Lauck is the American author of four books including the New York Times best seller Blackbird. Her writing has been published in the U.S. and around the world, translated into several languages. Much of her popularity began when she appeared on the Oprah Winfrey Show in 2000 and Winfrey held the book up to her audience saying, "This should have been a book of the month book. Read it now."  Blackbird debuted on The New York Times Best Seller list in November 2000, dropping off and then returning in January 2001.

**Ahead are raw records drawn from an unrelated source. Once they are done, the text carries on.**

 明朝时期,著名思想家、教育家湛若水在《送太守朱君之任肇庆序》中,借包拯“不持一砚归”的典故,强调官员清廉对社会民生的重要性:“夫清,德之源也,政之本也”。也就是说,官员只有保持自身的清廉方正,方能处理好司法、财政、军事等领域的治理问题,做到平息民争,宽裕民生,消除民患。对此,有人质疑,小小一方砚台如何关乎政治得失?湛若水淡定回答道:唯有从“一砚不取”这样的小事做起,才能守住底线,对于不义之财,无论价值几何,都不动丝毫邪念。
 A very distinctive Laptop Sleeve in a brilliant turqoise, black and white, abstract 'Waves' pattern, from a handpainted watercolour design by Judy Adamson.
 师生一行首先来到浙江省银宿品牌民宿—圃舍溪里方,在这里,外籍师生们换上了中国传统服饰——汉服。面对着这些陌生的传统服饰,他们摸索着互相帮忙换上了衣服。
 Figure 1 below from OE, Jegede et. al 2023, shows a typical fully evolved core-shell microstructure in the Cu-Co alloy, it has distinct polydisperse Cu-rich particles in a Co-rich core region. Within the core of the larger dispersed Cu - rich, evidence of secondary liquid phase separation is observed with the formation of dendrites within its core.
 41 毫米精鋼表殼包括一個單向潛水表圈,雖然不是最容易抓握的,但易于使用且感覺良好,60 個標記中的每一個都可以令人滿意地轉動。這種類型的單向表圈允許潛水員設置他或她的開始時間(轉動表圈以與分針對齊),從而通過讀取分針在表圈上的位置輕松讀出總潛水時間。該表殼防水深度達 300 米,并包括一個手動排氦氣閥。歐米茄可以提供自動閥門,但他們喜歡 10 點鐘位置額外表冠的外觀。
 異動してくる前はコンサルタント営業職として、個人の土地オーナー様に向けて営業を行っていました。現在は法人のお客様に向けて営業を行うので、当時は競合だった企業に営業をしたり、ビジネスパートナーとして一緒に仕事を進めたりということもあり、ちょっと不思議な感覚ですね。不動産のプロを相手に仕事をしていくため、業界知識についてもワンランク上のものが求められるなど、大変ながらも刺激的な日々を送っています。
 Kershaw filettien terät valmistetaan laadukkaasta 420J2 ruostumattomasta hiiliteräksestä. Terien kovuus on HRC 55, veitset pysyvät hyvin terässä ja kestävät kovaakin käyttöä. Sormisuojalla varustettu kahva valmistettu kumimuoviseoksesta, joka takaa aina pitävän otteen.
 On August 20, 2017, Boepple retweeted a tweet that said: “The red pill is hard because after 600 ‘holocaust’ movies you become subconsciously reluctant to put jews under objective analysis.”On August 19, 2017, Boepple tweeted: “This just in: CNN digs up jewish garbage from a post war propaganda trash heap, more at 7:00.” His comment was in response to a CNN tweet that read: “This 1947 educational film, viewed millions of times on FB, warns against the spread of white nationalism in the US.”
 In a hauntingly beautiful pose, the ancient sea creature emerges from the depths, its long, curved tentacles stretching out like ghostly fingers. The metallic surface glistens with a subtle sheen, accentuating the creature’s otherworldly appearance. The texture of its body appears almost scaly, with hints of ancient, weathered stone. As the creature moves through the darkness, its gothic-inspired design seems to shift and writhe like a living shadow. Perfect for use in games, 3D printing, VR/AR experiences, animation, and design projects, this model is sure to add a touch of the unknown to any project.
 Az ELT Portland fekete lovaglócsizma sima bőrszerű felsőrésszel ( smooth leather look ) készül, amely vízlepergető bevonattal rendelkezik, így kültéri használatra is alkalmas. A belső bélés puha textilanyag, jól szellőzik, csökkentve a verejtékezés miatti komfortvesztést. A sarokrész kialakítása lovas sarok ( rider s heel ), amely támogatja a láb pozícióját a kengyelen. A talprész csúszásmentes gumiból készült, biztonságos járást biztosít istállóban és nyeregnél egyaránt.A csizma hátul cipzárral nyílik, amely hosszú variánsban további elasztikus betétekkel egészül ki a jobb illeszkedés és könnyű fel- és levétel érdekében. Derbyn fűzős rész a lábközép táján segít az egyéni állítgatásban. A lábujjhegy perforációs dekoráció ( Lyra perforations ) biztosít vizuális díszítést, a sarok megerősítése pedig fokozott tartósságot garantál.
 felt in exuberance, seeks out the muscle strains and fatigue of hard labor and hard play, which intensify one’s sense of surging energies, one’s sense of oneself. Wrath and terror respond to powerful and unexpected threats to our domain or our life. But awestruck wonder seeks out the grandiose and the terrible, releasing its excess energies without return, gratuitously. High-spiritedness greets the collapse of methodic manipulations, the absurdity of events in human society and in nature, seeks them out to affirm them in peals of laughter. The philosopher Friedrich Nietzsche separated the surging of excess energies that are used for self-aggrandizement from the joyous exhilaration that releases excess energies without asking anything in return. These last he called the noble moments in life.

Born in Reno, Nevada, Lauck split her early childhood between the states of Nevada and California, with her adoptive family. After her mother died in 1971, Lauck remained with her adoptive father and brother until her father died in 1973. At that time, Lauck was separated from her adoptive brother and raised in Nevada and Washington state, adopted a second time by the paternal side of her adoptive family.

Professional career

Lauck's adulthood was spent in Washington, Montana and Oregon where she studied journalism at Montana State University and then took a reporting job with the Montana Television Network. Lauck's journalism career took her to Spokane, Washington, where she worked for KXLY-TV, then Portland, Oregon, where she worked for KATU-TV as a news producer and special reports producer. Her reports, investigative journalism, appeared on CNN and the ABC Nightly News. She has been nominated for several Society of Journalists awards and won Best News Story of the year for her report on an abduction case in Washington State.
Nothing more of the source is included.